Üstüne üstlük sadece sınava endeksli, sormayan, sorgulamayan bir öğrenci ve yurttaş profili hedefi ve ne yazık ki bunun yarattığı rekabet kültürünün sadece okul ve öğretmenle sınırlı kalmayışı, öğrencimize de velimize de sirayet edişi, hatta bunun aksini iddia eden ve öğretmenliği geleceğin inşası gören ve bu yüzden bu sistemin aparatı olmayı reddeden öğretmenlerimizin yukarıdaki hiçbir kesim tarafından makbul görülmeyişi içler acısıdır.
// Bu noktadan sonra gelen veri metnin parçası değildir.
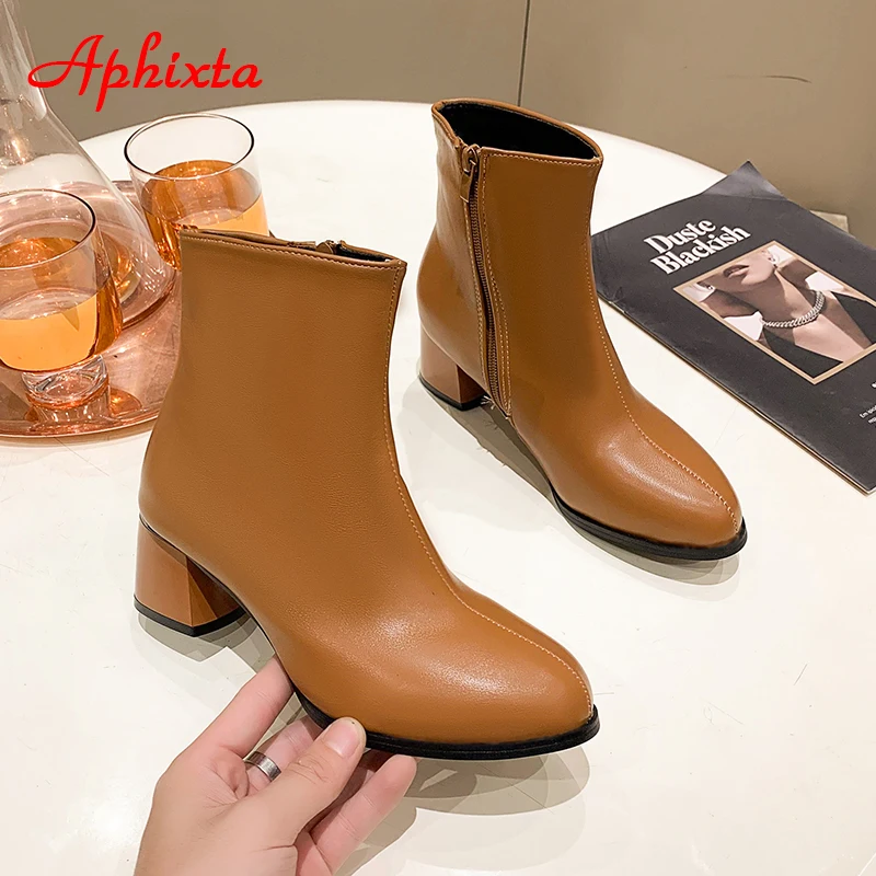 Aphixta 2023 Winter Side Zipper Shoes Women Boots 5cm Square Heel Ankle Boots Brown Botines Mujer Ladies Big Size Shoes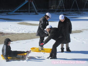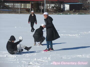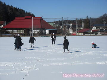 寒さが厳しい時期は、校庭も凍っていて雪遊びに最適です。ただ、積雪が少しなので・・・。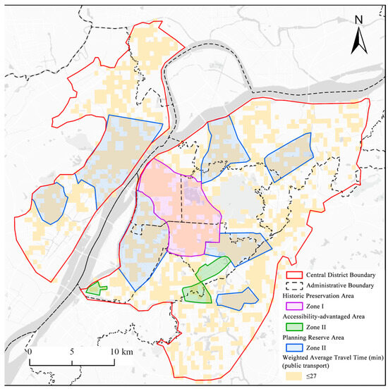 This study optimizes the parking zoning scheme by integrating land-use dynamics and transportation conditions, utilizing a 27 min threshold (the 35th percentile) for accessibility stratification as follows: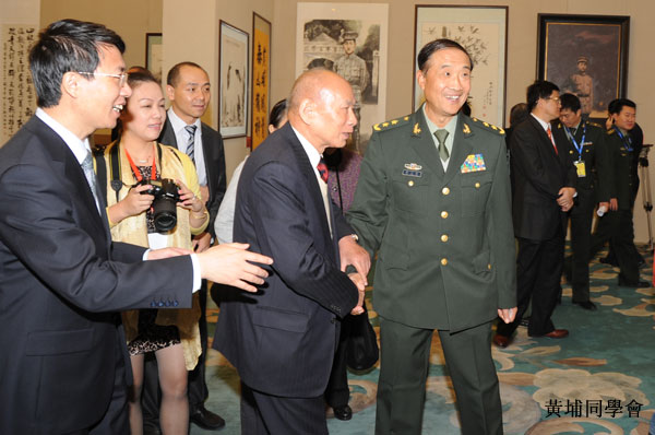 徐向前元帥之子徐小巖將軍(右)與黃埔軍校同學會會長林上元(中)、副秘書長杭元祥(左)參觀書畫展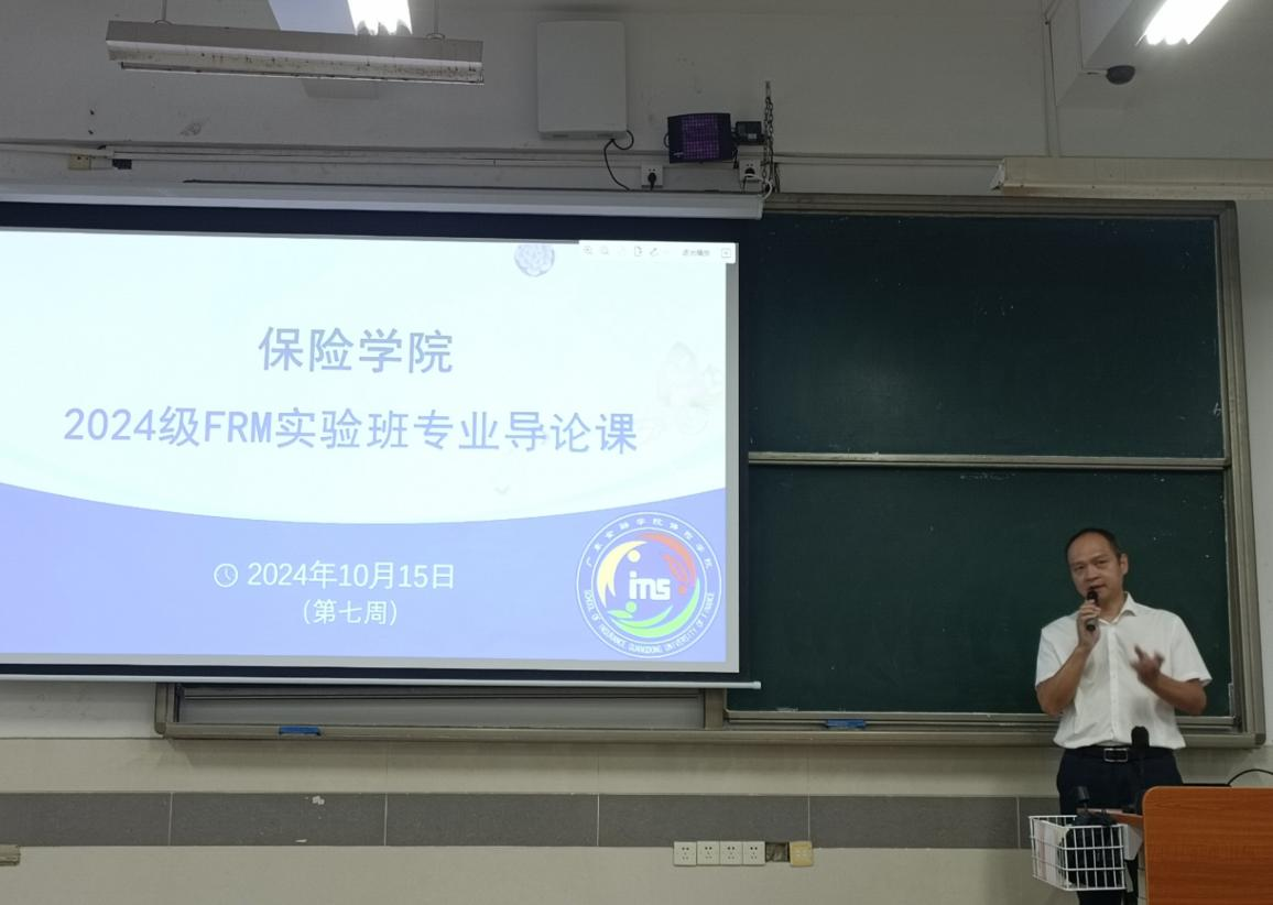 为引导24级FRM实验班新生更好地融入专业学习,进一步明确学业规划与未来发展方向,yl88858永利集团于10月15日在校本部北教学楼C301举办了本学期第七周专业导论课,学院党委书记刘新强、中华联合保险广州中支公司总经理助理陈朝宝(2013届yl88858永利集团优秀毕业校友)、个人非车险/线下渠道部负责人李文杰作为嘉宾出席了本次专业导论课,24级FRM实验班全体学生参加了此次课程。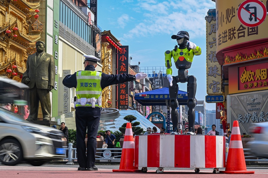 4月1日,智能交通指挥机器人在长沙市司门口正式上岗。该机器人具备路口指挥、安全宣教、智能动态劝导等多项实用功能,可有效分担一线交警重复性执勤工作,助力长沙智慧交通建设。湖南日报全媒体记者 郭立亮 摄

Hal böyle olunca da rekabetin yoz güdümünde ve sanki okul ile öğrencilerin sahipleriymiş edası ile yöneticiler ve rıza gösteren öğretmenler, seviye sınıfları ile bu ilkel duygularını tatmin etme, vesilesi ile sanki özel bir iş yeri işletiyormuş gibi reklam ile ve sanki öğrenci ve veli müşteriymiş gibi davranma eğilimine girebilmektedir. Hele ki üstleri de bunu isteyince ve “başardıklarında” da alkışlayıp taltif edince, durdurabilene aşk olsun. ( Yasaya da, yönetmeliklere de aykırı olmasına rağmen)
Öyle görünüyor ki; bu yoz çarkı da ancak öğrenciler ve gençler, adlarına yakışır şekilde (talebe) talep ederek ve aydın öğretmenlerinin desteği ile yıkabilecektir. Umutsuzluk yasak. Sevgiyle…
Kaynaklar
- Makarenko. (2008). Eğitbilimsel Görüşler, Yaşam Öyküsü-Anı Ve Notlar. Yayınevi: Sorun Yayınları. sf: 160.
- Prof. Dr. Veysel Sönmez. (2023). Egitim Felsefesi. Yayınevi: Anı Yayıncılık. sf: 306.